The category “appears poised for growth”, it added.
There are challenges, however, not least in matching the “remarkable versatility” of eggs, according to Alan Alvarez, an expert in nutrition and global health at the University of Leeds School of Food Science and Nutrition.
“Mimicking the properties that allow one single ingredient to be used perfectly for so many different things is very difficult to achieve,” he added.
Writing in the journal Foods in 2022, academics from Spain and Ireland said in-depth market studies are required to capture this emerging market’s challenges and opportunities.
“Qualitative and quantitative surveys considering different countries, continents, gender, age, education level, and income are for interest to understand consumers’ behaviours toward such a new market,” they added.
ProVeg International, an NGO working on food system change, has noted that neophobia – the nervousness of associated with trying something new – is one of several barriers to growth.

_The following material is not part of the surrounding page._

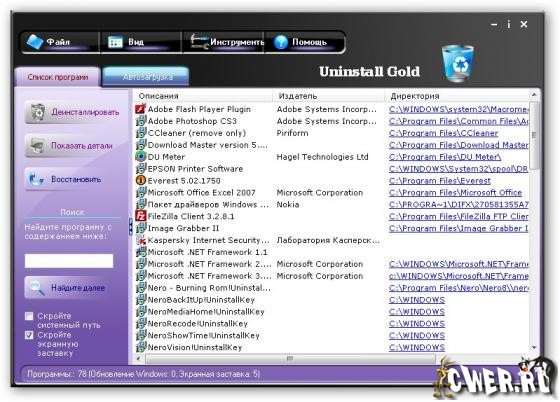 Uninstall Gold - программа для деинсталляции приложений, обладает большим количеством функций: показывает скрытые установленные программы, сортирует список программного обеспечения по заданному фильтру, удаляет некорректно инсталлированные и деинсталлированные программы.

The high cost associated with plant-based egg products and the lack of price parity with animal-based egg are others.
The price premium on plant-based eggs versus “real” eggs was 110% in 2024, according to GFI data – far higher than beef (14%) but lower than chicken (155%).
Sales of plant-based eggs were $46 million in 2023-24, with unit sales of 7 million. Meat and seafood combined managed $1.2 billion and 195 million respectively.
As Eat Just’s Tetrick has said, the biggest advantage, cost-wise, that brands like his have over a chicken egg is that roughly 53% of the cost of every egg comes from the soy and corn the chicken consumes. Egg companies “are stuck with that cost – we’re not”, he added.